Advertisement

ICE Canola Up On CBOT Soybean Gains, Weak C$

| 1 min read

By Dwayne Klassen

By Dwayne Klassen, Resource News International

May 13, 2009

Winnipeg – Canola contracts on the ICE Futures Canada platform were trading at higher levels, with some of the price strength stemming from higher CBOT soybean contracts and the pull-back in the value of the Canadian dollar, market watchers said.

Support overnight in canola came from the advances seen in the e-CBOT soybean complex, Malaysian palm oil and Matif rapeseed futures.
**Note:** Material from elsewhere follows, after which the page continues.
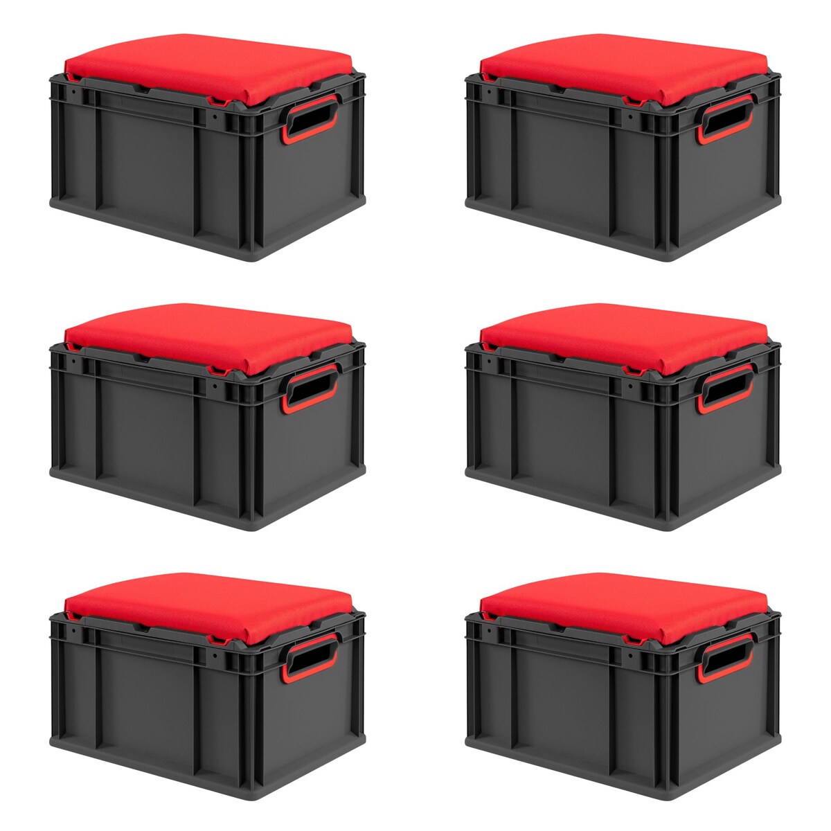 PROREGAL SparSet 6x Eurobox NextGen Seat Box Rot, HxBxT 26,5x30x40cm, 20 Liter, Griffe offen, Schwarz, Eurobehälter, Sitzbox, Transportbox

The upward price action in canola also reflected steady domestic processor demand, with crush margins remaining very profitable, brokers said. Commercial pricing of routine export business to Japan and Mexico also contributed to the price strength in canola.

Rain related seeding delays in Manitoba and parts of Saskatchewan were seen as supportive.

Tight old crop supplies of soybeans and Argentina’s poorer than anticipated soybean harvest also provided some spillover support for canola, traders said.

The upside in canola was limited by the downturn in CBOT soyoil futures as well as the weakness being displayed by the North American equity sector, brokers said.

Light bouts of profit-taking by a variety of market participants also limited some of the upward price momentum, brokers said.

There were an estimated 5,672 canola contracts traded at 11:04 CDT. Of the contracts traded, 2,348 were spread related.

At 11:04 CDT, no western barley future had changed hands.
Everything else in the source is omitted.